11.3.4.Onder wanordelijkheden als bedoeld in artikel 2 van de Wom moet naar het oordeel van de voorzieningenrechter ook worden begrepen een verstoring van de openbare orde. Uit het rapport van de politie van 1 mei 2018, waarnaar de burgemeester in dit verband heeft verwezen, blijkt naar het oordeel van de voorzieningenrechter voldoende van een gevaar voor de openbare orde wanneer [verzoeker] zijn actie zal uitvoeren. Het rapport is weliswaar vrij algemeen geformuleerd, zoals de gemachtigde van [verzoeker] terecht heeft aangegeven, maar de voorzieningenrechter acht het goed voorstelbaar dat niet exact te voorspellen is wat er precies gaat gebeuren wanneer [verzoeker] zijn actie zou uitvoeren. Wel blijkt uit het rapport voldoende dát er onrust en paniek kunnen ontstaan, waaraan in grote menigten grote risico’s zijn verbonden. De politie heeft ook gewezen op de Nationale Herdenking in 2010, waarbij er na de paniek door een schreeuw uit het publiek 63 gewonden vielen. Weliswaar heeft [verzoeker] zijn actie vooraf aangekondigd, maar dat is naar het oordeel van de voorzieningenrechter onvoldoende om verstoring van de openbare orde te voorkomen. In het politierapport is er namelijk op gewezen dat er ook gevaar voor de openbare orde schuilt in tegenreacties van anderen op de aanwezigheid en het voorgenomen gedrag van [verzoeker] . Dit zal naar het oordeel van de voorzieningenrechter nog sterker zijn door op de ophef rondom [verzoeker] aangekondigde actie die de afgelopen dagen in de media is ontstaan.
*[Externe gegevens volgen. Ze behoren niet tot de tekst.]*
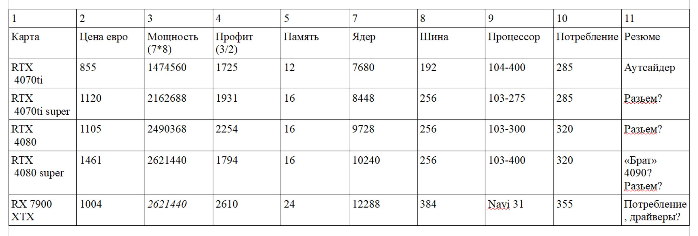 1. RTX 4070ti не нравится самым низким профитом, памятью впритык, шиной. 2. RTX 4070ti super дороже самой дешевой RTX 4080, но уступает ей в профите/ядрах. 3. RTX 4080 super - второе место с конца по профиту. ИМХО это "брат" 4090 - тем кому нужна "абсолютная производительность", но на 4090 не хватает денег. 4. RTX 4080 и RX 7900 XTX - два варианта между которыми стоит выбирать из представленных вариантов.

11.3.5.De burgemeester heeft ter zitting nader toegelicht dat er voor de actie, zoals [verzoeker] die wil uitvoeren, geen alternatieven mogelijk zijn omdat elke actie op de Dam op dat tijdstip tot een verstoring van de openbare orde zal leiden. [verzoeker] heeft zelf ook niet aangegeven op welke wijze hij onrust zou kunnen voorkomen. Hij heeft op de zitting desgevraagd aangegeven dat hij nog niet heeft nagedacht over hoe de actie precies zal worden uitgevoerd. Gelet hierop en nu het gevaar voor de openbare orde voldoende aannemelijk is, zijn er naar het oordeel van de voorzieningenrechter geen lichtere maatregelen mogelijk om het gevaar voor de openbare orde af te wenden door beperkingen op te leggen. Het verbod van de actie was daarom noodzakelijk.
12. Het voorgaande betekent dat de burgemeester bevoegd was de actie van [verzoeker] te verbieden. Het bezwaar tegen dat verbod heeft dan ook geen redelijke kans van slagen.
Het gebiedsverbod (AMS 18/3183)
13. De burgemeester heeft het gebiedsverbod aan [verzoeker] opgelegd omdat hij denkt dat [verzoeker] op 4 mei 2018 toch naar de Dam gaat om zijn actie uit te voeren en omdat de aanwezigheid van [verzoeker] een bedreiging vormt voor de openbare orde tijdens de Nationale Herdenking. De burgemeester heeft het verbod gebaseerd op artikel 172, derde lid, van de Gemeentewet.
14. [verzoeker] heeft aangevoerd dat het aan hem opgelegde gebiedsverbod een ongeoorloofde inmenging van zijn recht op betoging is.